▶ Directions for this task
Go through the records below from the first line and print each one exactly, stopping after the line that contains "在党的十八大胜利召开之际,2". Do not print pictures or anything past that line.

▶ Collection entries
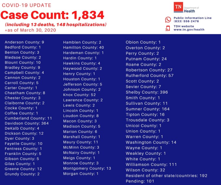 As of this writing, I have been notified by the TN Department of Health (TDH) that eleven residents of Cumberland County have tested positive for COVID-19, the novel coronavirus. Contact tracing is standard in all cases, so if you have been in close contact with someone that has tested positive, you will be notified. That is all the information that has been released at this time.
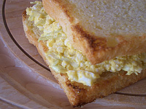 前述のイギリスパンは、軽くトーストし、ゆで卵をつぶして卵サンドに。
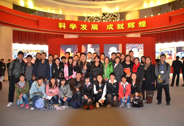 在党的十八大胜利召开之际,2012年11月10日下午,北理工大学生记者团50余名同学在校党委宣传部扬扬老师的带领下赴北京展览馆参观题为“科学发展,成就辉煌”的主题图片展。
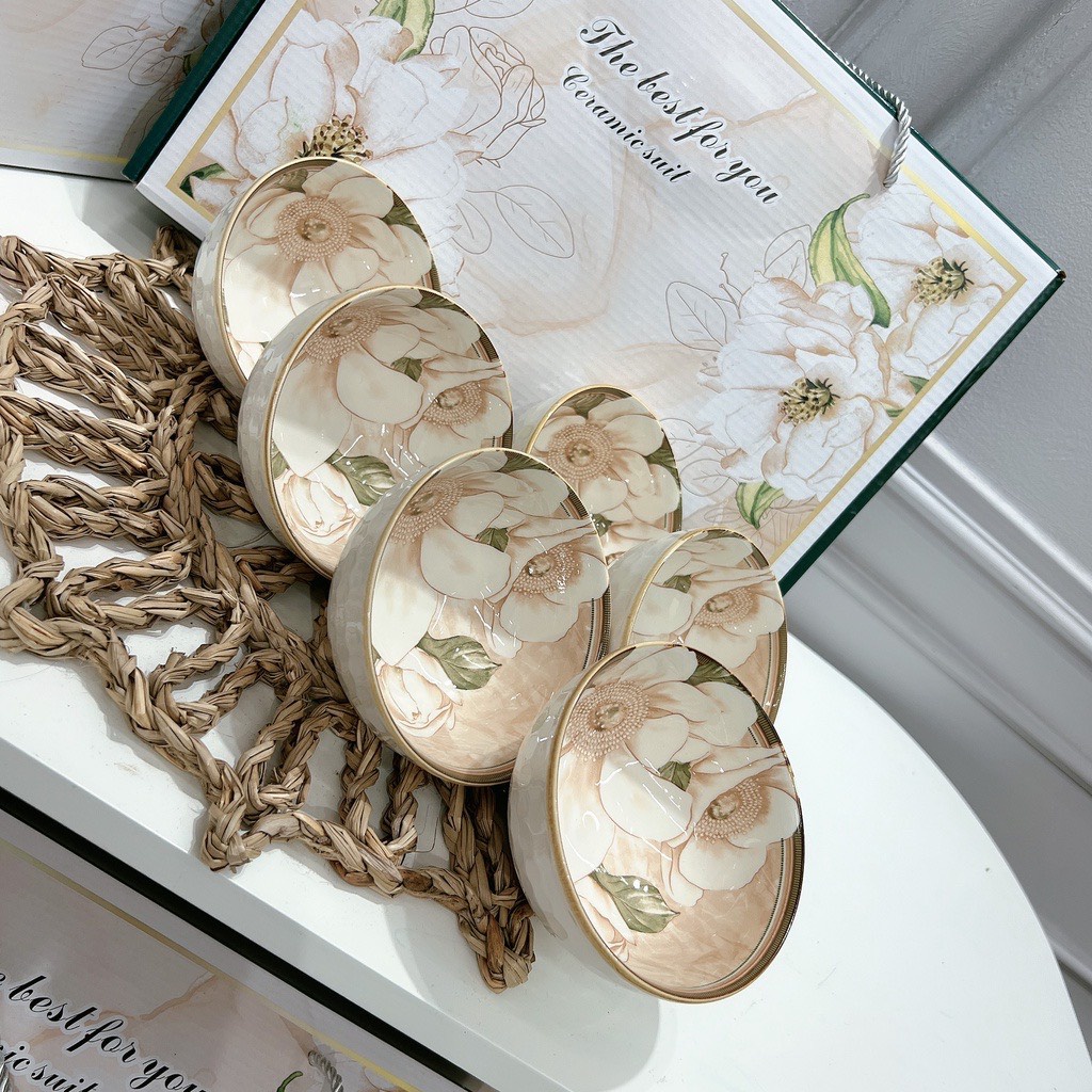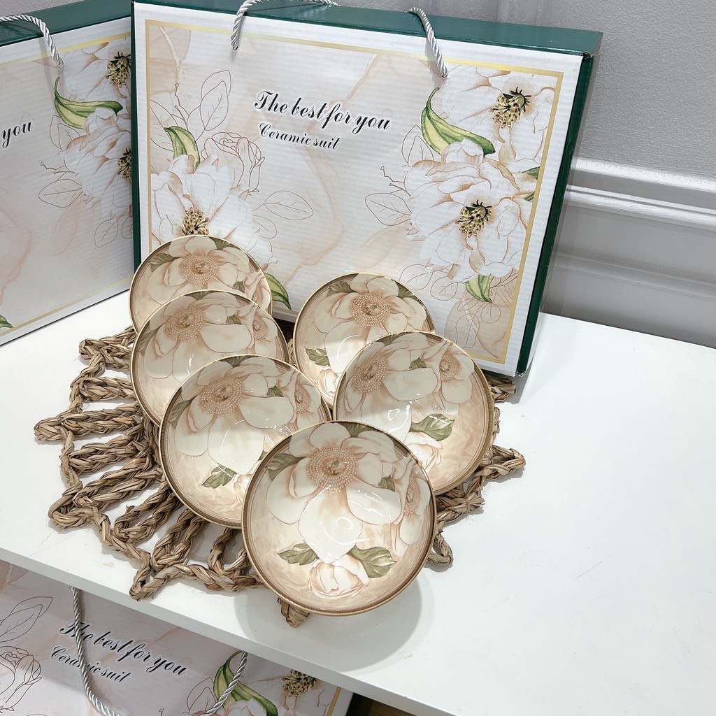 – Bộ sản phẩm gồm 6 bát con hàng cao cấp xuất Nhật, chất liệu sứ cao cấp tráng men với những đường in hoa văn trang nhã cho phòng ăn gia đình bạn thêm sang trọng, đẹp mắt.
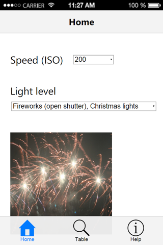 Modern cameras have great built-in light meters, but sometimes taking photographs using available light (i.e. without flash or other photographic lighting) can be a challenge, especially with long exposures in low light levels or very high intensity lighting. Fortunately in extreme conditions you can usually use an exposure guide like this one. Simply enter your film speed setting, choose the lighting conditions from the list and then see a table of shutter speed and aperture combinations. This table allows you to use a camera with manual control in conditions outside the range of the built-in light meter. The app will also compute the Exposure Value and light level in lux. Its a simple tool to help you take good photographs in difficult conditions.

▶ Exercise output
 As of this writing, I have been notified by the TN Department of Health (TDH) that eleven residents of Cumberland County have tested positive for COVID-19, the novel coronavirus. Contact tracing is standard in all cases, so if you have been in close contact with someone that has tested positive, you will be notified. That is all the information that has been released at this time.
 前述のイギリスパンは、軽くトーストし、ゆで卵をつぶして卵サンドに。
 在党的十八大胜利召开之际,2012年11月10日下午,北理工大学生记者团50余名同学在校党委宣传部扬扬老师的带领下赴北京展览馆参观题为“科学发展,成就辉煌”的主题图片展。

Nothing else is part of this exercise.